— TASK REQUIREMENTS —
Every line from the one containing "이상전집(李箱全集) 제3권 수필집" to the end of the data below should be copied exactly, but pictures should not.

— GIVEN INFORMATION —

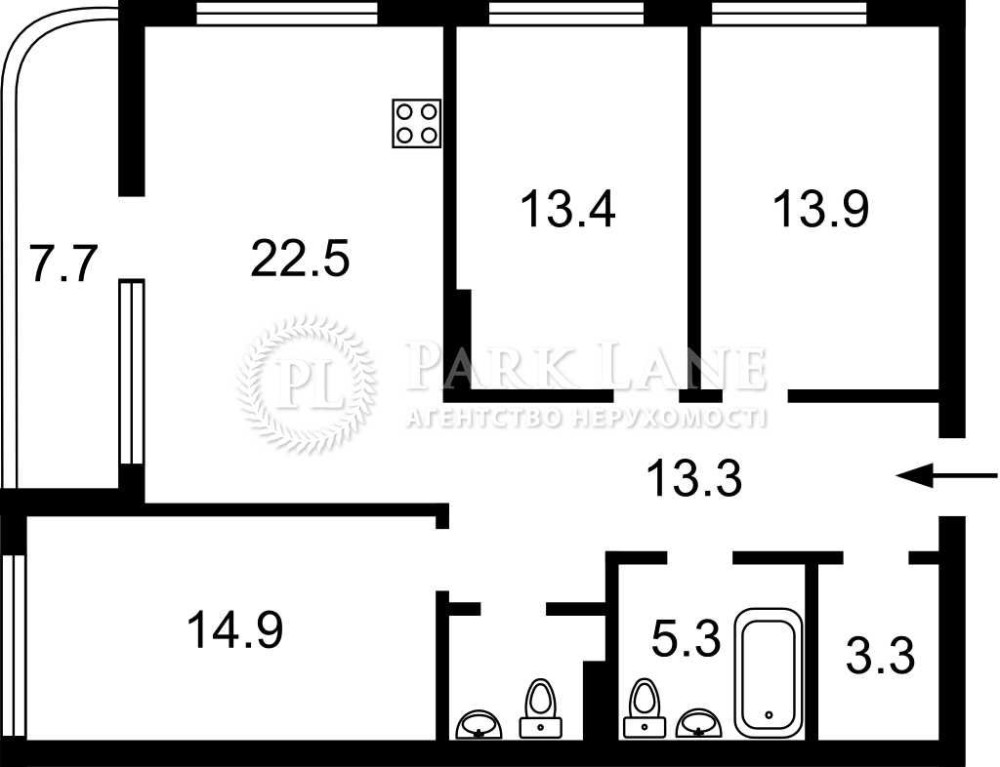 •Три окремі кімнати, які можуть бути спальнями (дитячою, кабінетом або гостьовою кімнатою);
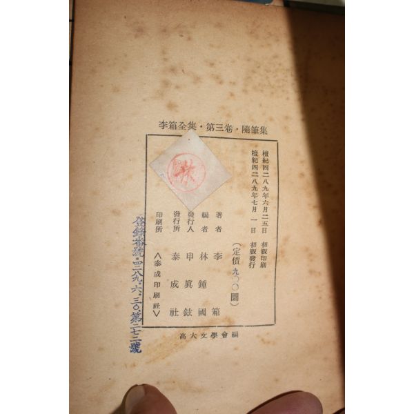 • 1956년초판 이상전집(李箱全集) 제3권 수필집
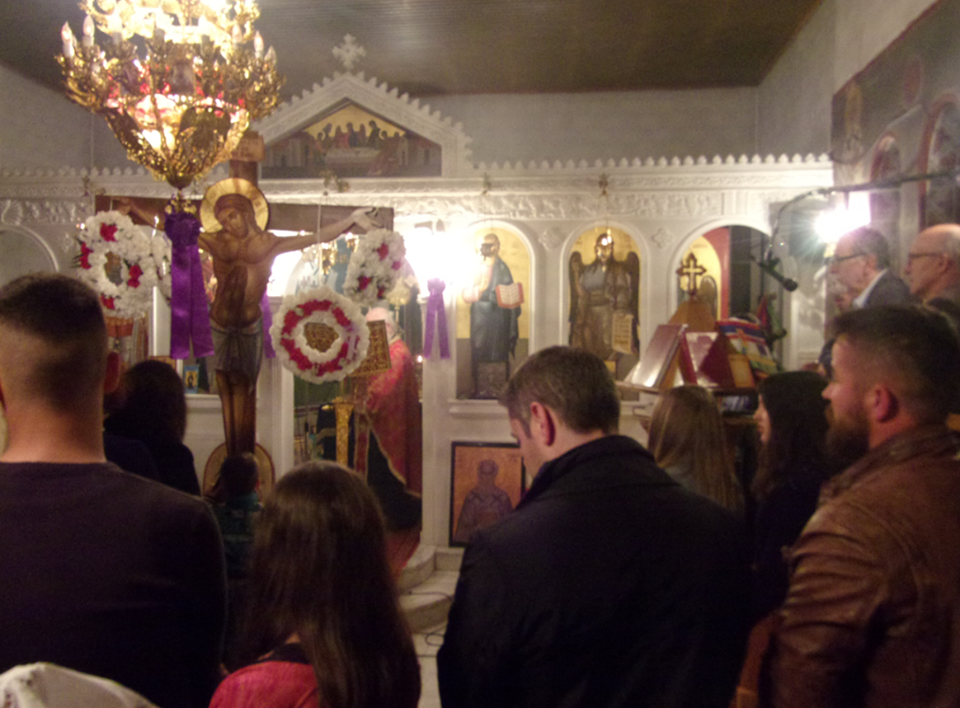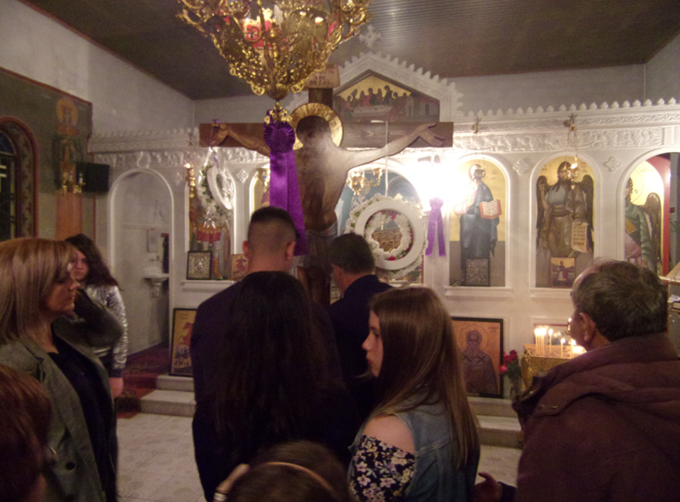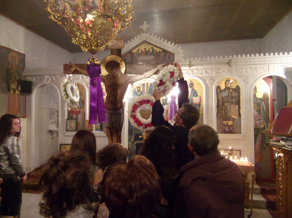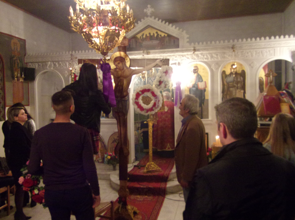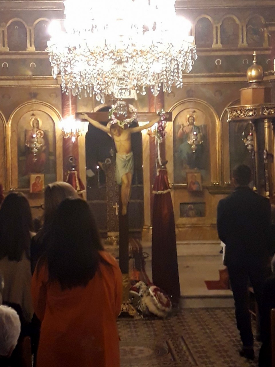 Ανάμεσα στο 5ο και το 6ο Ευαγγέλιο ψάλθηκε το αντίφωνο «Σήμερον κρεμάται επί ξύλου…» και ο Εσταυρωμένος λιτανεύεται από τους ιερείς.
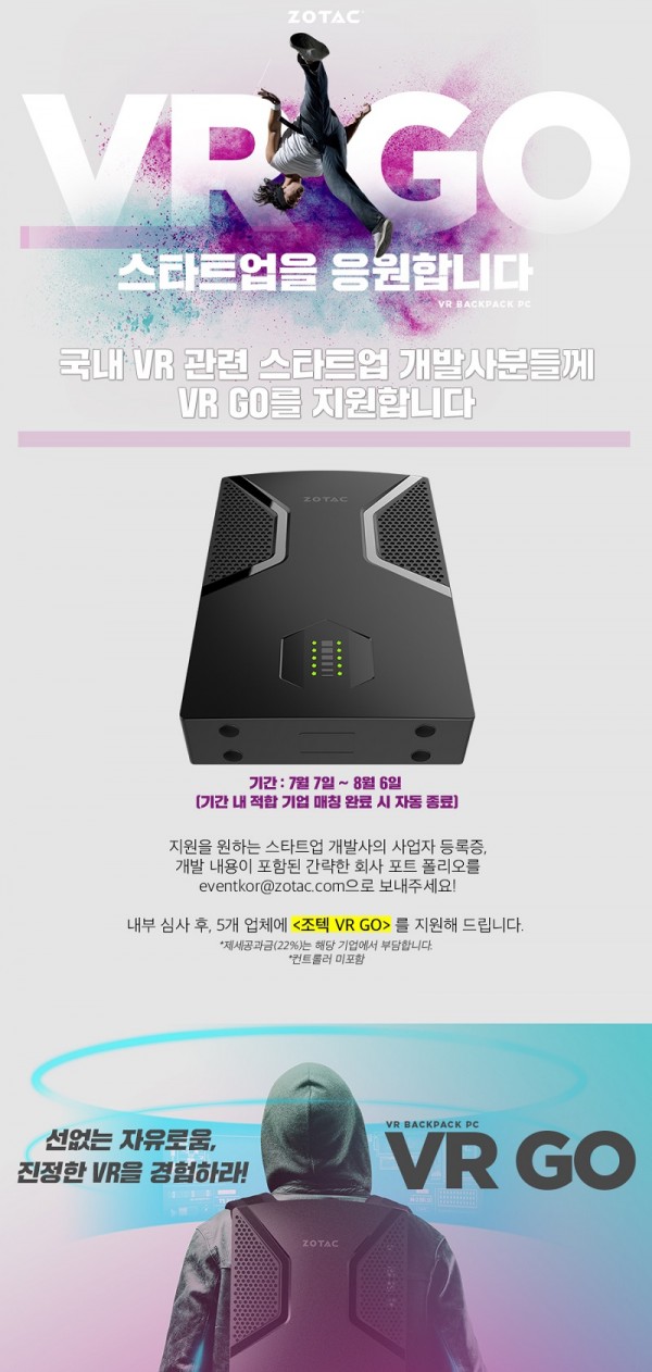 신청 방법은 참여를 원하는 기업의 사업자 등록증과 개발 내용이 포함된 간략한 회사 포트폴리오를 신청 이메일(eventkor@zotac.com)로 보내면 된다. 실시간 심사 후, 선정된 5개 업체에게 VR GO가 개발용으로 증정된다. 본 이벤트는 7월 7일부터 8월 6일까지 약 한 달 진행되며, 기간 동안 적합한 5개 업체와 매칭 완료 시 자동 종료된다.

— RESPONSE TO THIS TASK —
 • 1956년초판 이상전집(李箱全集) 제3권 수필집
 Ανάμεσα στο 5ο και το 6ο Ευαγγέλιο ψάλθηκε το αντίφωνο «Σήμερον κρεμάται επί ξύλου…» και ο Εσταυρωμένος λιτανεύεται από τους ιερείς.
 신청 방법은 참여를 원하는 기업의 사업자 등록증과 개발 내용이 포함된 간략한 회사 포트폴리오를 신청 이메일(eventkor@zotac.com)로 보내면 된다. 실시간 심사 후, 선정된 5개 업체에게 VR GO가 개발용으로 증정된다. 본 이벤트는 7월 7일부터 8월 6일까지 약 한 달 진행되며, 기간 동안 적합한 5개 업체와 매칭 완료 시 자동 종료된다.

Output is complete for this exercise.